How bad is Hillary as a candidate? This election cycle is the second time the Democratic establishment has tried to clear the field for her, and while her sacking by the uniquely positioned Barack Obama eight years ago is understandable, to see her struggling to overcome the challenge from a glowering grouchy grandfather socialist like Bernie Sanders tells us a lot about how far left the Democratic base has drifted. Liberals like to spout the nonsense that Reagan couldn’t get nominated in today’s Republican Party (but somehow the GOP nominated John McCain and Mitt Romney instead??), but why not ask whether Walter Mondale or Michael Dukakis—or Bill Clinton—could be nominated in today’s Democratic Party.

I’ve already mentioned that Slow Joe Biden’s recent comments appear to be calculated to keep the door open for a last minute run if Hillary is indicted or suffers some other kind of collapse. The Washington Post reported a couple days ago that the Democratic establishment is “anxious” about Hillary’s apparent weakness:

Some leading Democrats are increasingly anxious about Hillary Clinton’s prospects for winning the party’s presidential nomination, warning that Sen. Bernie Sanders’s growing strength in early battleground states and strong fundraising point to a campaign that could last well into the spring. . .

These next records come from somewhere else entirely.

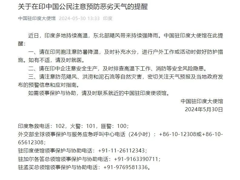 5月30日,中国驻印度大使馆提醒在印中国公民注意预防恶劣天气。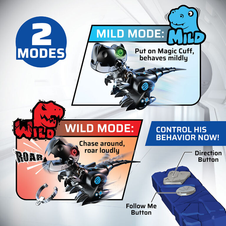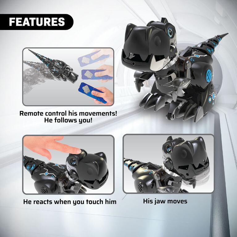 Train your Dino to follow you! He's naughty, wild and even uncontrollable but now he's ready to learn! With our remote control he'll follow you like a pet, play with him and touch his head he'll respond to you. Train My Dino is your wild pet dinosaur!
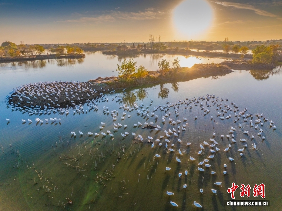 江蘇興化:候鳥飛抵濕地公園 淺灘覓食休憩(2)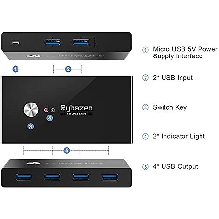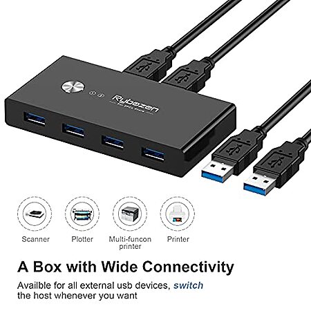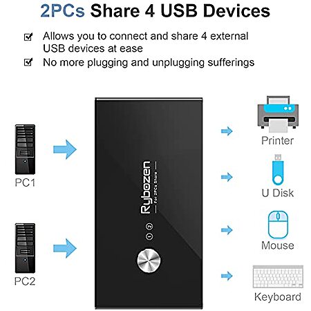 Rybozen 2-PC 4-Port USB 3.0 Switch Hub (Share 4 USB Devices Between 2 PCs)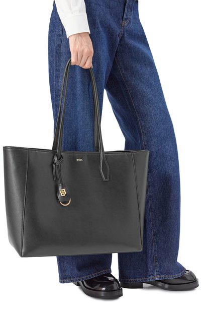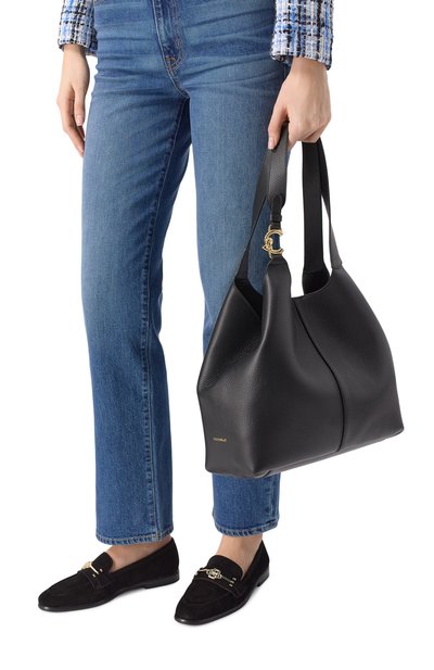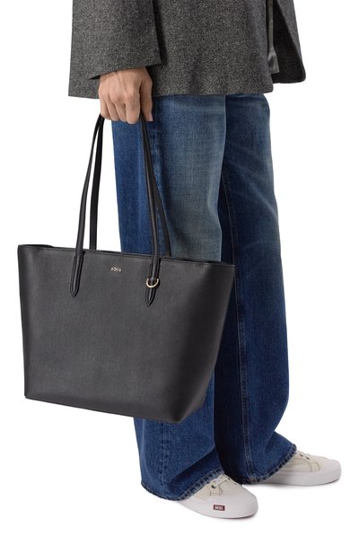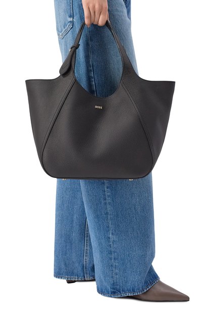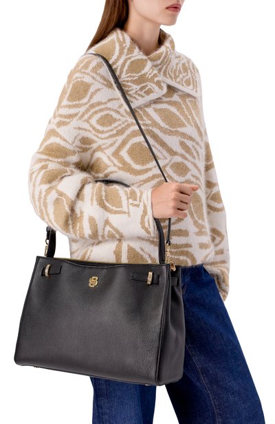 Сумку Lenah с двумя ручками выполнили из зернистой яловой кожи. Внутри модель с застежкой на ремешок с карабином дополнили двумя карманами: на молнии и плоским накладным.
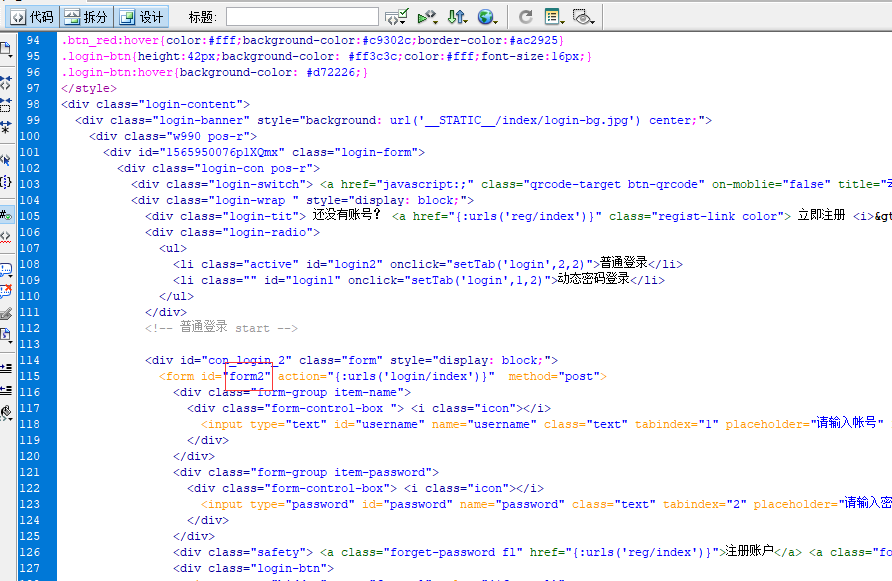 请问登录页面的form2表在那个文件夹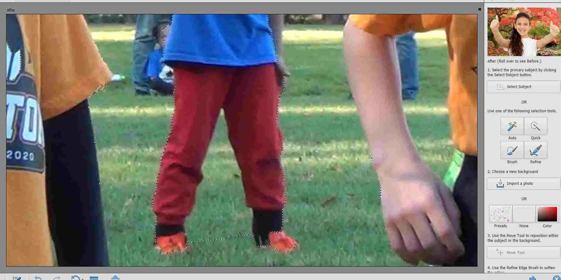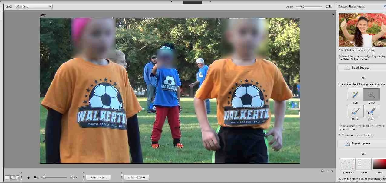 Using the Guided edit function of PSE2021 on Windows 10. In this example, I'm using the replace background option.  Here is the problem I have.  When I use the quick selection to outline my subject, I want to zoom in so I can see the edges clearly and define them better.
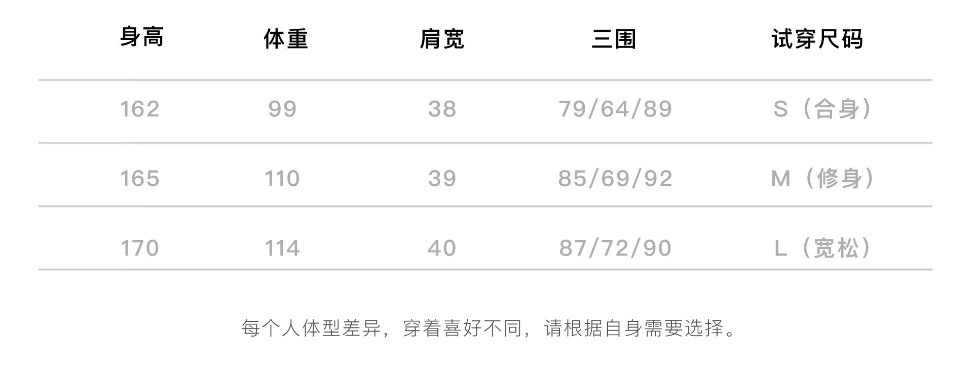 China (cm) 160-165/84-86 165-170 / 88-90 167-172 / 92-96 168-173 / 98-102 170-176 / 106-110
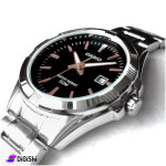 Men's watch, with an elegant, classic and luxurious design, made of a stainless steel bracelet and a three-fold clasp. It also features a black analog display screen made of mineral glass. It is also water resistant to a depth of 50 meters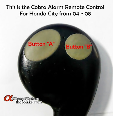 There is 2 buttons on the Cobra Alarm remote, the big one is known as "BUTTON A" and the small one is known as "BUTTON B" and this is what you need to do in the event of battery changed on the Cobra Alarm Remote :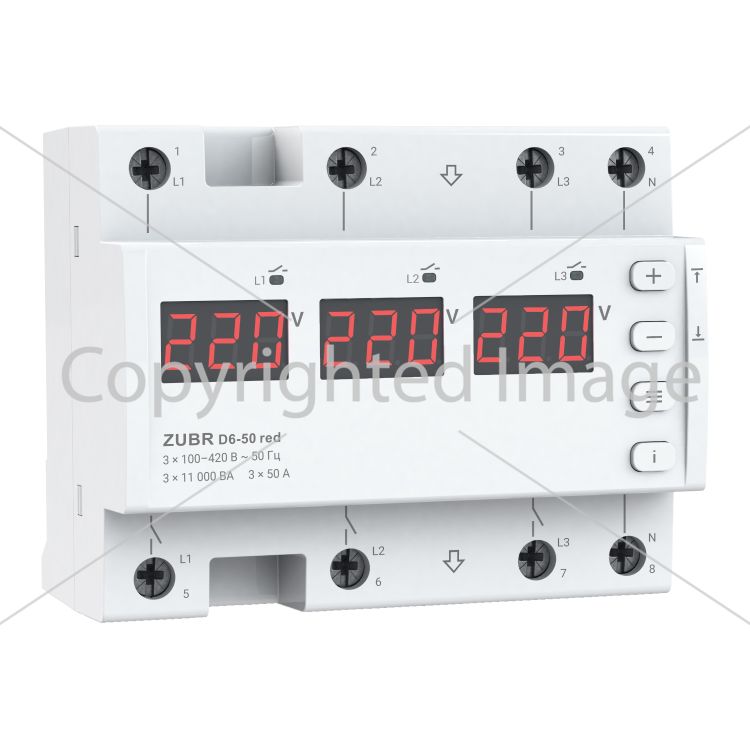 Двухрежимное реле напруги однофазное/трехфазное D6-50 на DIN-рейку, 3*50А, 3*11000ВА, 120-280В, шестимодульне з індикатором напруги (Червоний)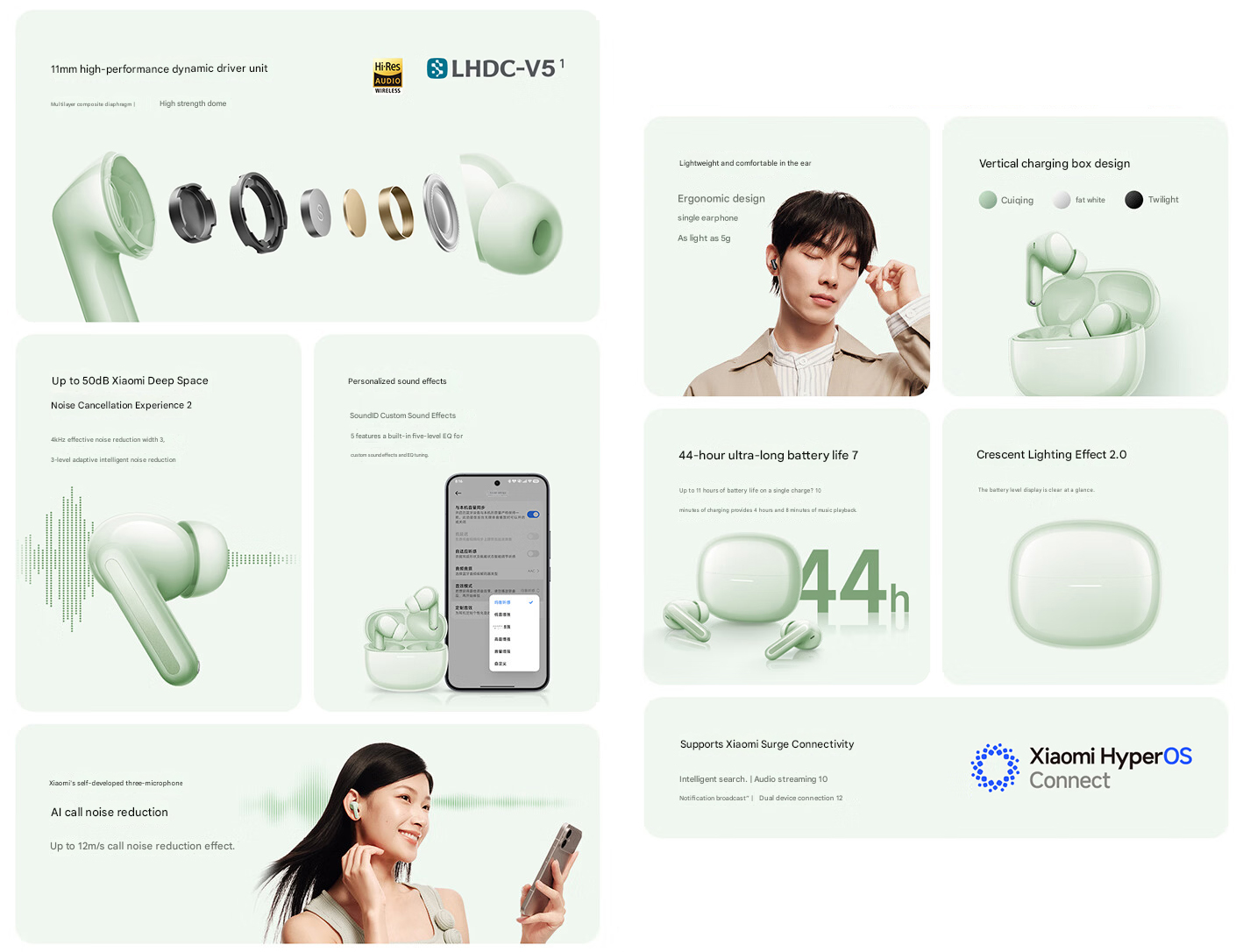 至于声音设置,小米指出 ANC 耳机配备了一个 11 毫米动态驱动器配置,带有 "多层复合振膜"。支持 LHDC V5,使耳塞获得了 Hi-Res Audio Wireless 认证,但值得注意的是,这种编解码器主要由中国智能手机支持。
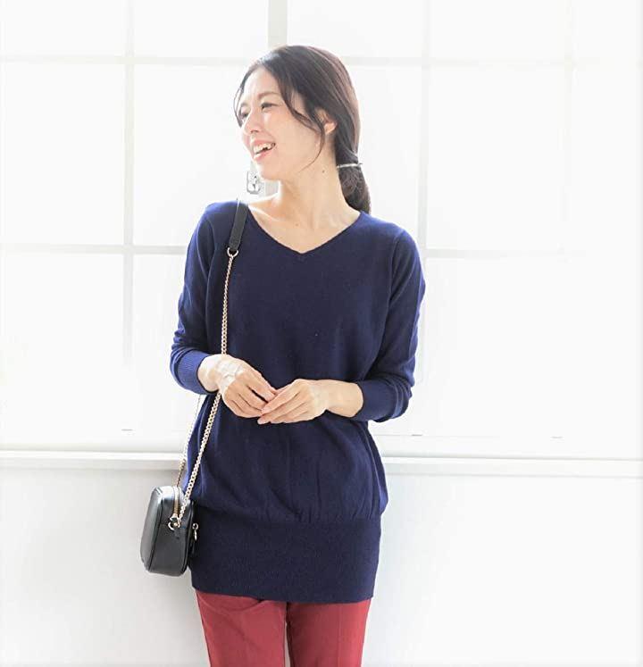 ・無地で程よく開いたVネックニットにはネックレスやブレスレットも映えます*きれいめ秋色カラーとちょっと長めのセミロング丈が、体型カバーしながら女性らしいスタイリングを1ランクUPし、秋冬コーデも簡単に。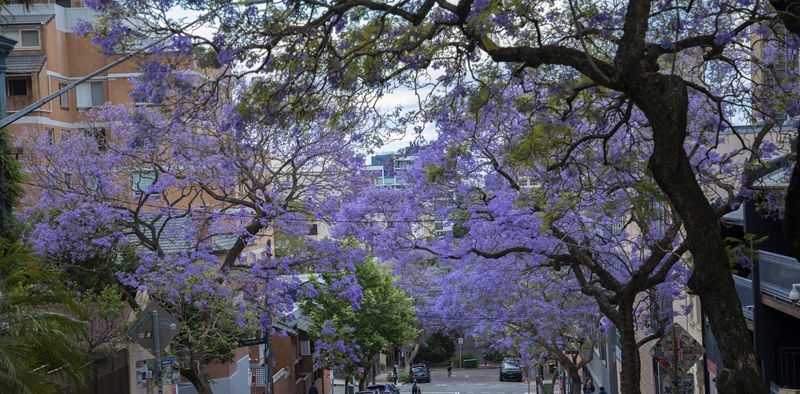 图为在澳大利亚悉尼,蓝花楹盛开。(人民网)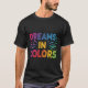 This vibrant t-shirt features the message "Dreams in Colours" in a stunning multicolor design. Each letter explodes with a different hue, creating a playful and optimistic look that reflects the boundless potential of your dreams. Whether you're a creative chaser or a dreamer at heart, this shirt is the perfect way to express your vibrant spirit and inspire those around you.

On Capitol Hill and in state party headquarters, some Democrats worry that a Sanders nomination could imperil candidates down the ballot in swing districts and states. Others are expressing a sense of deja vu from 2008, when Clinton’s overwhelming edge cratered in the days before the Iowa caucuses.

Ah, but demographics will save the Democrats, right? Not so fast says lefty author John Judis, one of the co-authors of the thesis popular 15 years ago that demographics were tilting massively in the Democrats’ favor—a prediction that seemed to have been borne out in 2008 and 2012. Judis now says Democrats are in trouble on the demographic front:

“The Republican party is in a death spiral,” Democratic pollster Stanley Greenberg warns in his new book America Ascendant. It is in a “pitched fight” with what Greenberg calls the “new American majority,” which is composed of “African Americans, Hispanics, Millennials,” who “will constitute 54 percent of the electorate in 2016.” If one includes “seculars with no religious affiliation,” then this group amounts to 63 percent of the electorate that is sympathetic to the Democrats.

Greenberg’s claim is merely the latest version of an argument that Celinda Lake and other Democratic pollsters as well as analysts from the Center for American Progress have been making for the past three or four years. The heart of the argument is that the groups in the population that are likely to vote for Democrats are growing, while those that are likely to vote for Republicans are shrinking as a percentage of the electorate. As a result, Democrats will inevitably win political majorities.

This argument is at least half-wrong. . .

From here Judis walks through a number of different demographic trends that look to favor Republicans going forward (including one trend that shows Republicans gaining strength with some Hispanics), and concludes:

By sheer demographic calculation, you can’t plausibly predict which party will capture Washington over the next decade or two. What finally makes the difference in overall election results is not demographics but politics. . .

Imagine that! Candidate quality and ideas matter! Hillary is short on both accounts.

Judis, who is, remember, a lefty, worries that Democrats are once again lurching off the edge of the planet on social issues:

Democrats have also suffered when they have become identified too closely with the social or cultural agenda of groups within their coalition. . . Democrats’ identification with Black Lives Matter protests against the police — no matter how justified — could also cost them in the coming election. In a special election last May in a Staten Island and Brooklyn congressional district that voted for Obama in 2008 and 2012, where Democrats enjoy a 16-point edge in voter registration, the Republican district attorney who had failed to secure an indictment against the cop who killed Eric Garner routed a Democratic opponent who had been critical of his handling of the case.

In these instances, Democrats have lost votes not simply because they backed measures favored by their base, but because they became identified primarily with those measures to the exclusion of a more generalizable appeal on economics and national security — the kind that got Bill Clinton elected in 1992 and Barack Obama in 2008.